I had initially meant to post this a little while back but I was dealing with a split tooth for the last three weeks and now that I've gotten that taken care of and am pleasantly overmedicated, I have the time and inclination to write this all up.
Well, I got some good news and I got some bad news.
The good news: I've managed to wheedle my way into unexplored territory by getting a bumpy-shiny (static) object not to be transparent. So, bumpy-shiny water, hold the water. This not the best example possible but you get the idea. Top layer (2) is the goods:
The numbers (well, at least 1 and 2) are important. They denote the order in which each of the meshes was drawn. So, in the model (as seen on the Raw Model Hierarchy tab of NWN Explorer Reborn), it looks like this:
I found out that IF you had multiple mesh objects which were bumpy shiny you could cancel the transparency effect on at least the second mesh IF you also applied a blending of punchthrough in the TXI file of the texture that invokes the grayscale bumpmap texture.
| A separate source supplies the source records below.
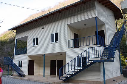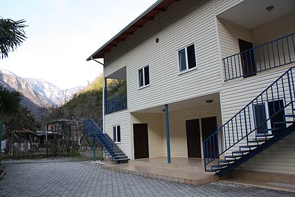 До административного центра города отсюда около 600 метров, до морского побережья – 500 метров. Этот частный отель – прекрасное место для молодежного и семейного отдыха с детьми.Расположенный на собственной огороженной, ухоженной территории на крутом берегу горной речки, отель содержит всего 9 номеров, способных одновременно вместить не более 23 человек. Все номера отеля оборудованы отдельными санузлами с душем и необходимым набором бытовой техники: кондиционером, холодильником и телевизором.К услугам отдыхающих – вся территория отеля в живописном уголке ущелья и уютные зоны отдыха. Для владельцев автотранспорта есть охраняемая стоянка. Для желающих всегда найдется в окрестностях пункт питания, подходящий по вкусу или бюджету.Ближайший городской пляж с песком и галькой вполне удобен для отдыха. На нем есть раздевалки, душевые кабины и туалеты, а также прокат лежаков, зонтов и шезлонгов.
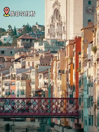 ✨ 桥下Onyar河两岸糖果色房子美哭!阳光洒下来像打翻调色盘,拍照根本停不下来~
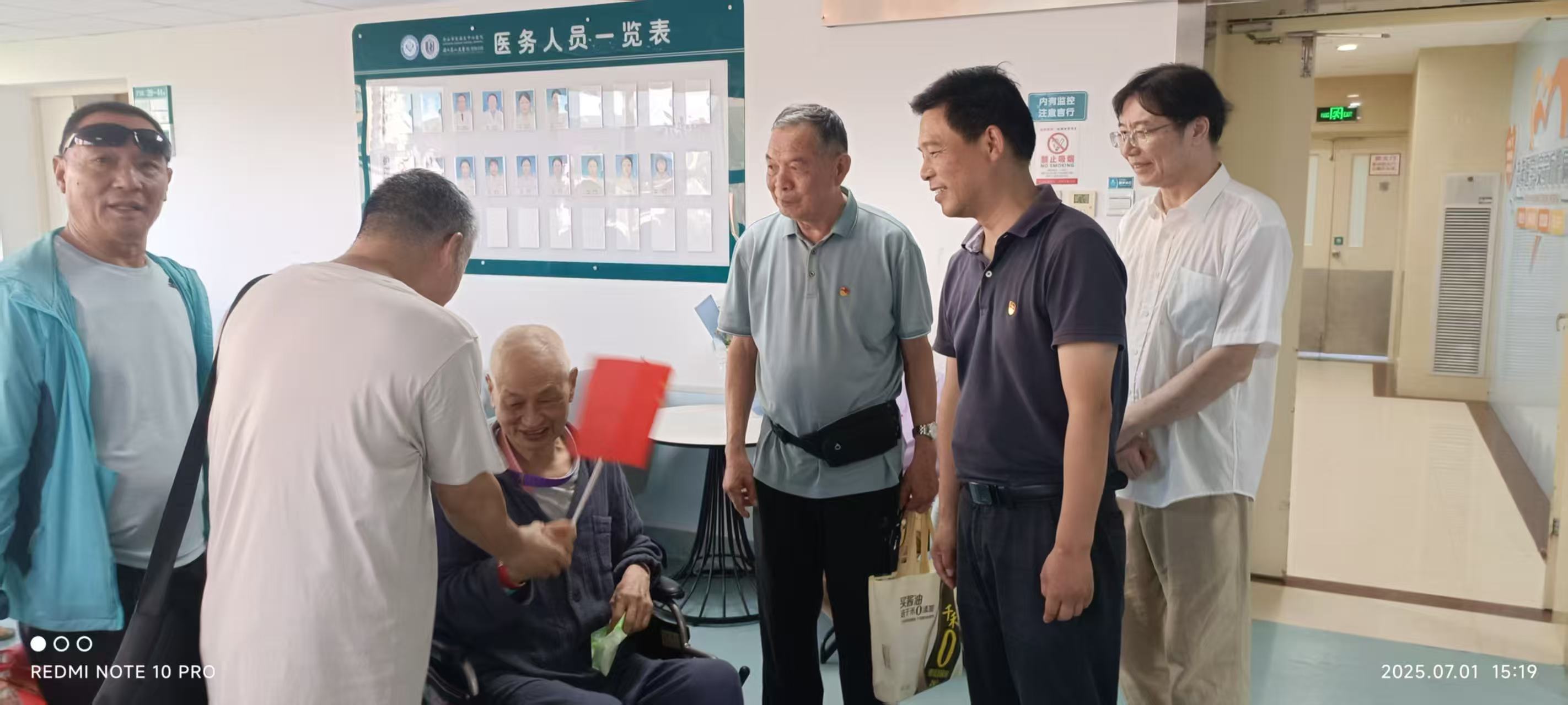 活动结束后,离退休党总支书记虞浩臣与第六党支部三位支委及石化北门片组长方阿明同志一同前往定海区中心医院,亲切看望了生病住院的老党员陈钟遂同志(87岁)。虞浩臣详细询问了陈钟遂同志的病情和治疗情况,为他送上了党组织的温暖与祝福,并叮嘱他安心养病,争取早日康复。陈钟遂同志及其家属对党组织的关怀表示衷心感谢,深切感受到了党组织的凝聚力和向心力。

You can download the model, textures and TXI file HERE, with a forewarning that the pack is sloppier than usual. I've included some extraneous files for completeness but, really, the chain of things coming off mirror1.tga is, I believe, the important bit.
The bad news: Unless "Enable Environment Shadows" are turned on in the graphics settings, the effect appears to negatively impact the display of other game objects, chiefly by (as long as it is visible) blowing away the subtle angle-based shading for shadows and transparencies, such as the puffs of dust one creates when walking over certain materials:
Okay, so this effect is ultimately not viable. You give up way more than you get in return. IIRC, I believe the problem only occurs at certain zoom levels and angles which is very similar to a problem I had putting shiny water on a shield about four years ago.
But that aside for a moment, there was always been a scuttlebutt which basically went something like this: "NWN doesn't have bumpmapping because the devs couldn't get it quite right". Is what I'm seeing, above, evidence of that? Did they have a similar issue? I don't think so. Here's why: If one opens up an OpenGL debugger and examines the actual commands being sent to the card while drawing plane #2, you'll notice that it takes two draw calls, the first resulting in a plain white plane and the second "overdraws" it with the shiny effect.
Here's a screenshot of that first draw call and a screenshot of the second one. There's arguably some interesting stuff going on with the first call but it's the second, responsible for the shiny, that's really interesting. Note the use of all 4 textures (0-3) and how different combinations of them are made active (glClientActiveTexture) in a specific order. Those are not there by mistake. Those are there to achieve a specific effect. Although it reads/appears as though it's just switching from one texture to another, from what I've read there's a sort of composite (for lack of a better word) effect that happens when doing it. Now, as I've already mentioned upthread, you can load those mythical "four" textures, 0-3, into memory but without knowing what those draw calls are intended to yield, I don't know what to stuff in some or all of those texture slots or (potentially) what bit depths or blending modes they'd need and whether or not they'd display properly under a non-NVidia card, if they did.
As much as I'd be interested in at least a little more dabbling, the dance steps in that second draw call are well-beyond my ken. IMO, only someone with a PKPeachyKeen level of OpenGL programming/understanding could "get" what's going on, what's supposed to happen.